Segment Start: Given information

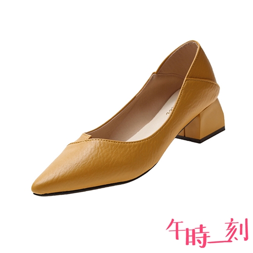 不對稱尖頭淺口折疊交叉設計款塊跟鞋 黃 |
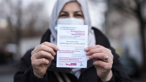Three times a week, Aliye Tuerkyi lmaz hits the markets and busy shopping streets of Neukoelln to hand out informational flyers on the coronavirus pandemic to residents of the German capital’s crowded immigrant neighborhood that’s studded with minarets, kebab stores and hookah lounges, reports AP from Berlin.
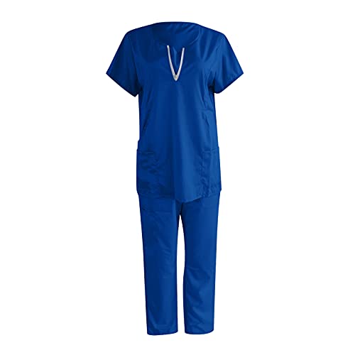 ✿ Kasack dames T-shirts bont verzorging grote maten met motief Kerstmis T-shirt slipzak met zakken korte mouwen V-hals sliphemd beroepskleding verpleegkundige uniformen verpleegkundige

Segment End: Given information

» Problem to work on:
Without including any image, reproduce the full listing above as written.

» Your solution:
 不對稱尖頭淺口折疊交叉設計款塊跟鞋 黃 |
Three times a week, Aliye Tuerkyi lmaz hits the markets and busy shopping streets of Neukoelln to hand out informational flyers on the coronavirus pandemic to residents of the German capital’s crowded immigrant neighborhood that’s studded with minarets, kebab stores and hookah lounges, reports AP from Berlin.
 ✿ Kasack dames T-shirts bont verzorging grote maten met motief Kerstmis T-shirt slipzak met zakken korte mouwen V-hals sliphemd beroepskleding verpleegkundige uniformen verpleegkundige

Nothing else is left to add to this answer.